One of Heyer’s biggest blunders, former employees say, was rearranging the contents of Harry & David gift baskets. He had workers lay out samples of all the baskets in a warehouse, and he went down the line, adding and removing items, one former worker says. The changes made it impossible for returning customers to easily repeat an order from the year before on forms that the company sent out, former employees say, and many customers didn’t buy.
Heyer also closed one of Harry & David’s two call centers and hired Cincinnati-based Convergys Corp. (CVG) to do the work, with operators taking calls from their homes. Customers frustrated with the Convergys salespeople abandoned more orders than they had in the past, former employees say.
Heyer canceled the contract in February, according to a complaint filed by Convergys against Harry & David in U.S. District Court in Medford in March, saying that Harry & David failed to pay $3.1 million to terminate the contract.
Heyer expected big things from the Oprah deal, former employees say. The project got started in August 2009, when Broadley, who had just started Centerville Pie with longtime friend Laurie Bowen, heard that Oprah Winfrey was on Cape Cod for Eunice Kennedy Shriver’s funeral. Broadley found Winfrey’s hotel and dropped off two pies -- one peach and one chicken. Winfrey loved them, Broadley says.
Months later, Winfrey’s producer called to invite them to appear on the show on Sept. 17, 2010. When the show aired, Winfrey surprised them by announcing a deal for Harry & David to distribute the pies as part of her Ultimate Wildest Dreams program to help small companies.
Viewers ordered 280,000 pies via Harry & David. That was good for Centerville Pie, but it missed Harry & David’s projections, two former employees say. At the time of its bankruptcy, Harry & David owed $279,000 for a final batch of pies, Broadley says.
Heyer had been CEO for 10 months when the 2010 holiday selling season arrived. It didn’t go well. When the company reported earnings for the quarter in February, Heyer warned that it couldn’t finance operations without new capital.
Ten days later, Jones and Wasserstein President George Majoros ousted Heyer as CEO. They brought in Hong, a turnaround expert from Alvarez & Marsal, a New York-based management firm.
Heyer worked extremely hard to try and fix Harry & David, says Jones, who insists the moves Heyer made were the right ones.
“We think very highly of Steve,” Jones says. “He’s extraordinarily smart.”
Hong, who had experience reviving Eddie Bauer Holdings Inc. and Spiegel Inc., took the company into bankruptcy a month after arriving. One of her first tasks was to deal with investor demands that she get $23.6 million in unfunded pension liabilities off Harry & David’s books.
Wasserstein & Co. had purchased Harry & David debt when it fell in price after the 2008 holidays. It joined other bondholders in an agreement to lend it an additional $55 million after the company emerged from bankruptcy, Harry & David said in court documents.

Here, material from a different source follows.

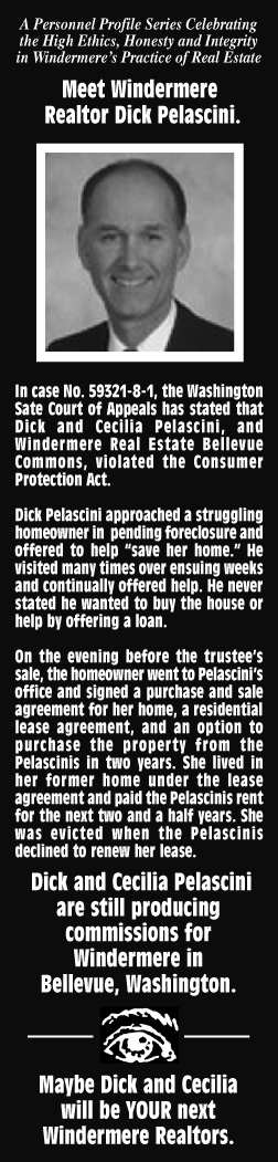 The incredibly violent and insidious psychological ramifications of rape, connected through an “abusive work environment” serves as an unfortunate—yet credible—subtext for the way in which Windermere Real Estate treats employees and defrauded, damaged customers alike. Windermere’s application of aggressive, wasteful and mendacious litigation to stall and ruin innocent consumers serves as the coercive metaphor of corporate power and arrogance: Windermere has no genuine concern for the damage it has done to families or society, It cares only about how to manipulate the law and the courts to avoid any legal responsibility—and about how to deflect bad PR with disingenuous promotion like "Building Communities" and "The Windermere Foundation."
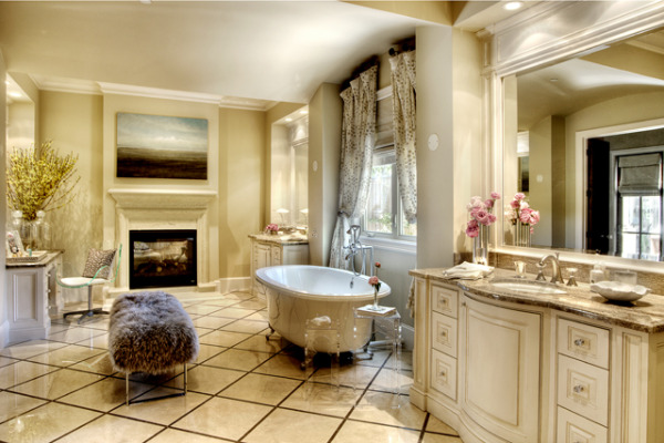 The flower touches are continued in this elegant master bath. This room blends together effortlessly, with the clean lines on the cabinetry to echo the floor and the modern chair offset by the claw foot tub. I just love the fuzzy bench that Janet lended to bring in the same whimsical spirit from the rest of the home!

Wasserstein wouldn’t put up the money unless the retirement benefits were turned over to the U.S. Pension Benefit Guaranty Corp., a move that a federal judge would have to bless.

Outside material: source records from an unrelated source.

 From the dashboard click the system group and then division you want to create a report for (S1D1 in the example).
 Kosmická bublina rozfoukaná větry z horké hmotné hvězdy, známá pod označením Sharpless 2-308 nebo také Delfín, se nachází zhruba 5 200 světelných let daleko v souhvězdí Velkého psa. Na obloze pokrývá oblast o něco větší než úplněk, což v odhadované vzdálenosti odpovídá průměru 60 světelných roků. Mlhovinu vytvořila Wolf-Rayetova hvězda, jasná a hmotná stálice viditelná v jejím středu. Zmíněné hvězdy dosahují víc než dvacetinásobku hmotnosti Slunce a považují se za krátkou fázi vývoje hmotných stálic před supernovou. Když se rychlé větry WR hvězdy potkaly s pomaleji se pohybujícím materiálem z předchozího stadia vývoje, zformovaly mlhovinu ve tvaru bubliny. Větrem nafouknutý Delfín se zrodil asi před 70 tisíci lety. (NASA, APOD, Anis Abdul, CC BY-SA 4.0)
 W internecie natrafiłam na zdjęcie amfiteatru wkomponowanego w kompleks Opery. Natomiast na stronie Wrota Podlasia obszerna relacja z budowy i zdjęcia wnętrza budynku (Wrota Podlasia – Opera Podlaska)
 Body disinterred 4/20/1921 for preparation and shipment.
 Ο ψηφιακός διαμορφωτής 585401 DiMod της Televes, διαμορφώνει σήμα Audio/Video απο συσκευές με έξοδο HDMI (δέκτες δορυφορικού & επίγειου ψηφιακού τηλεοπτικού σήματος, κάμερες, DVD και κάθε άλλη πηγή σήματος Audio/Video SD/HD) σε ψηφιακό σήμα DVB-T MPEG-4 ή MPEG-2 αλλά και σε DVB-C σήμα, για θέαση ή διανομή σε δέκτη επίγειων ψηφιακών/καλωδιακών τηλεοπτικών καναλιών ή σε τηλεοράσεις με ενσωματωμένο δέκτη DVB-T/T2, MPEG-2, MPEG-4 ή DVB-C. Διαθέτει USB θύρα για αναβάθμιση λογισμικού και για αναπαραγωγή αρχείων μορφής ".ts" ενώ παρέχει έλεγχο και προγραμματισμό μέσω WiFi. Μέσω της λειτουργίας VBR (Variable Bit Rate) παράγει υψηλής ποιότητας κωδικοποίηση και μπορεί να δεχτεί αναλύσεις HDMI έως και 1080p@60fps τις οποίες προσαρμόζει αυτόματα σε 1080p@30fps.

U.S. Bankruptcy Judge Mary F. Walrath in Delaware did so in August, and Harry & David’s unfunded liabilities will now be covered in part by premiums paid by all companies that have defined-benefit pension plans.
The PBGC had argued that the move was unjustified because Harry & David’s survival wasn’t at issue.

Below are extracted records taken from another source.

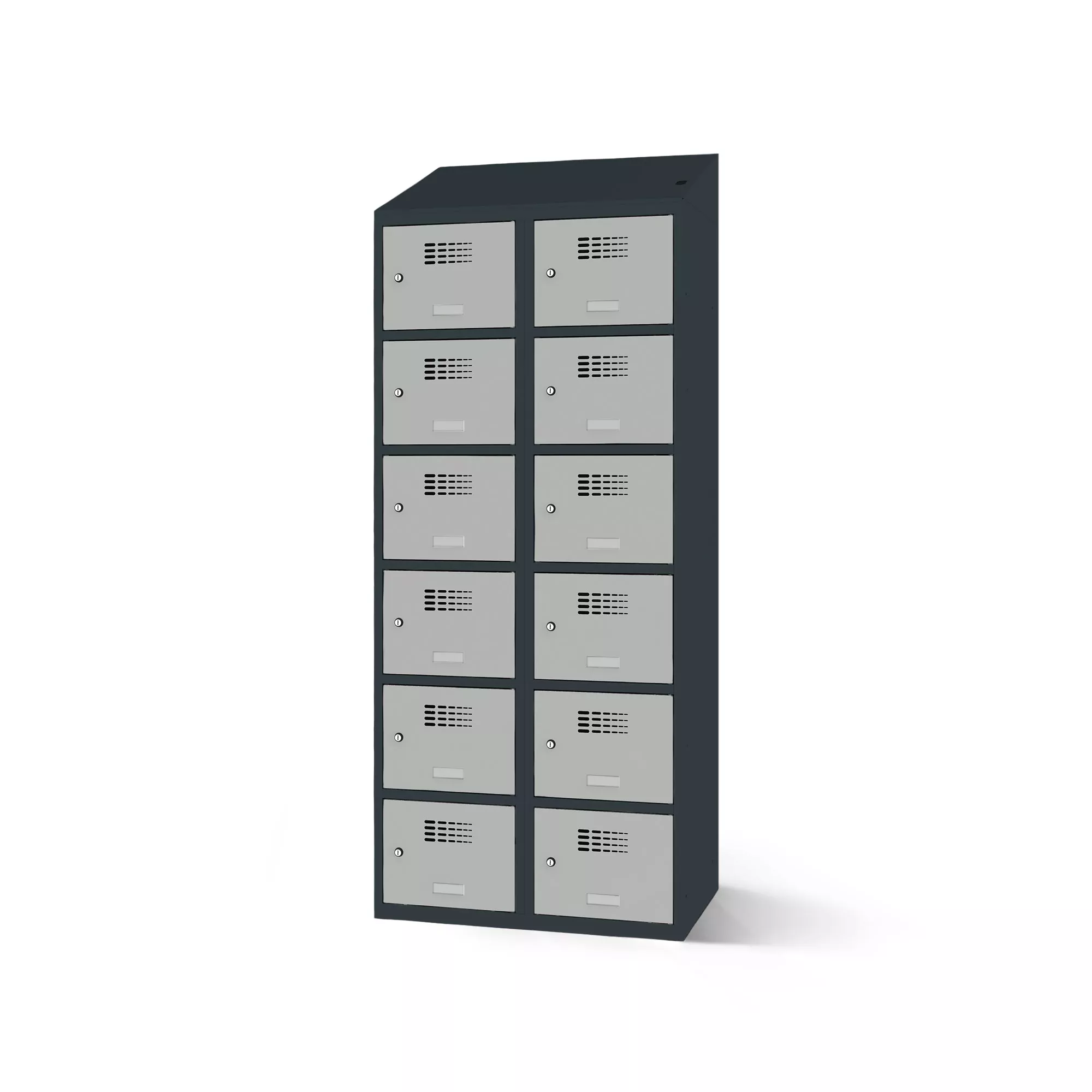 Its flexibility makes it versatile for use in schools, recreational facilities and businesses. The corpus is made of sturdy, powder-coated sheet steel. Rounded edges and smoothly recessed doors emphasize the modern design of the compartment cabinet. The ventilation holes in the doors ensure good air circulation inside the compartment.
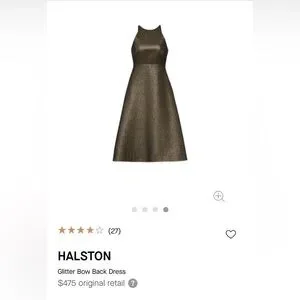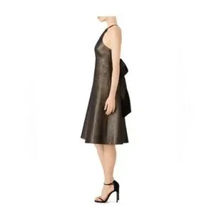 NWT Halston gold jacquard, back glitter bow dress Size 2
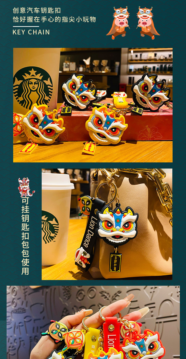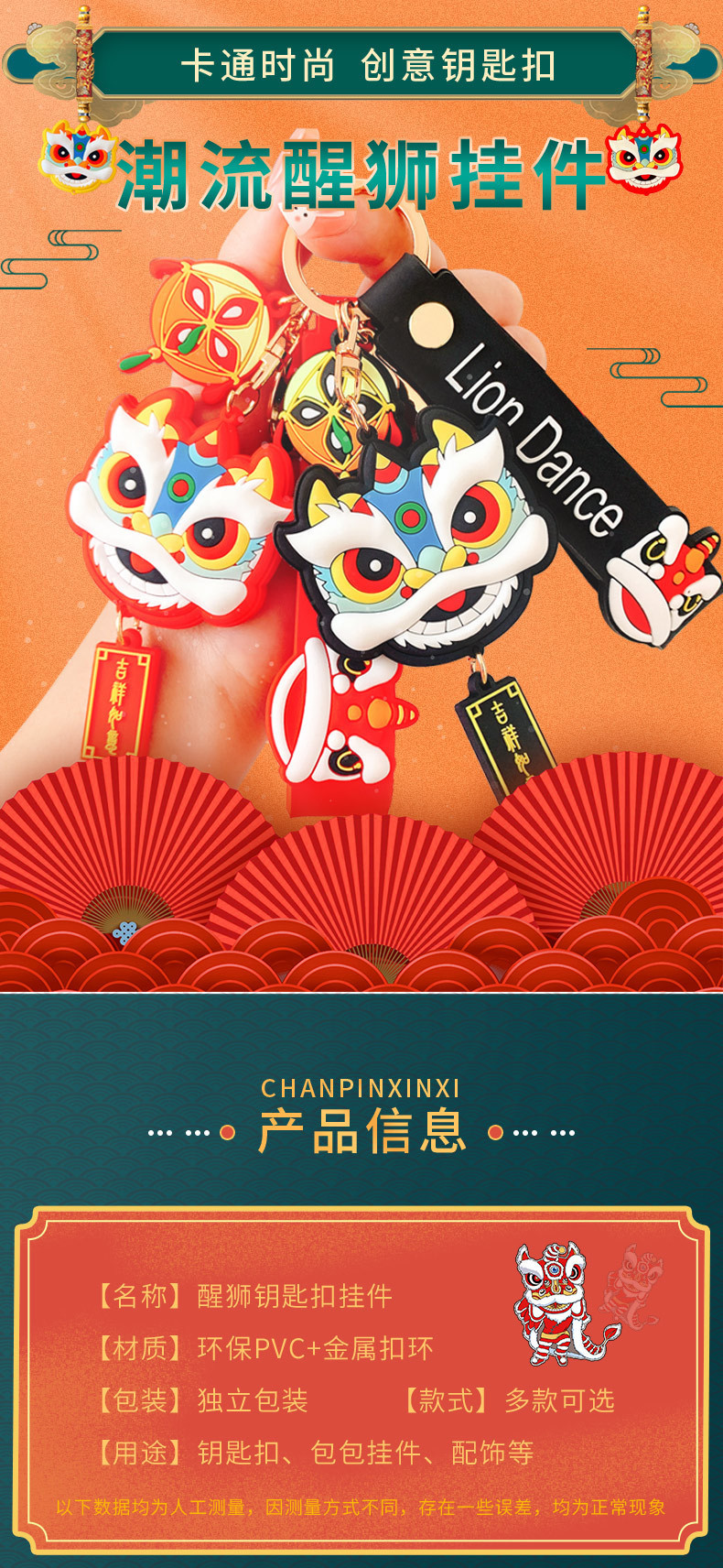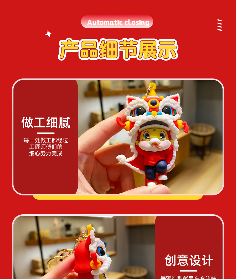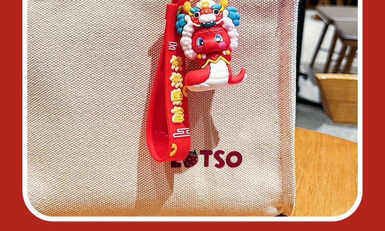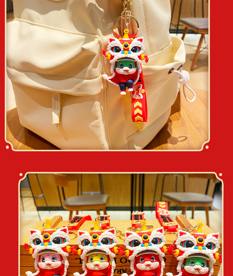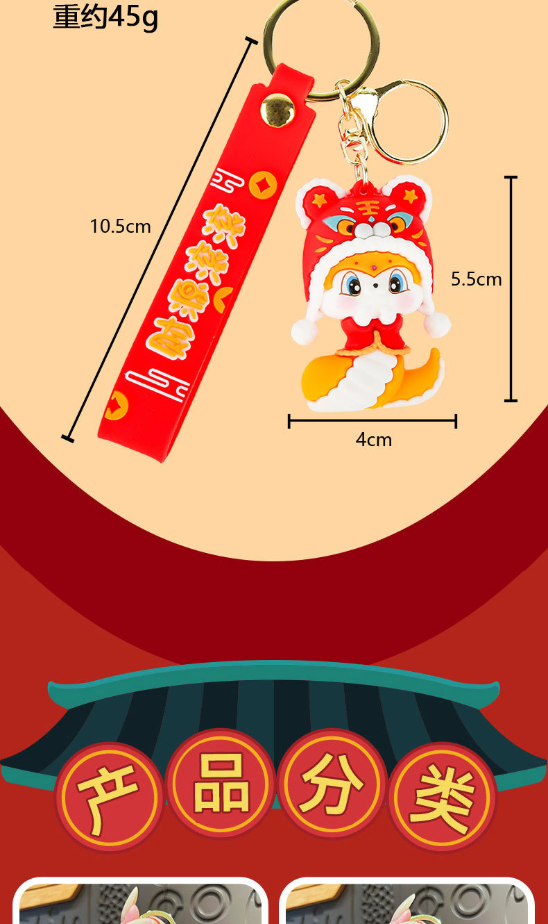 广东醒狮狮头钥匙扣挂件公仔国潮新年喜庆流苏挂饰蛇年小礼品

“PBGC fought to keep the Harry & David pension plan going because the agency’s analysis found that the company could afford it,” PBGC spokesman Marc Hopkins says in an e-mail. “The plan was terminated largely to increase investor returns, not out of necessity to emerge from bankruptcy.”
When Harry & David came out of bankruptcy on Sept. 14, Wasserstein remained an owner. That means Jones and Majoros will still have a say in how the company is operated in the future. For the citizens of Medford, Oregon, the question remains whether what’s best for Bruce Wasserstein’s heirs is also good for the thousands of people who depend on Harry & David for jobs.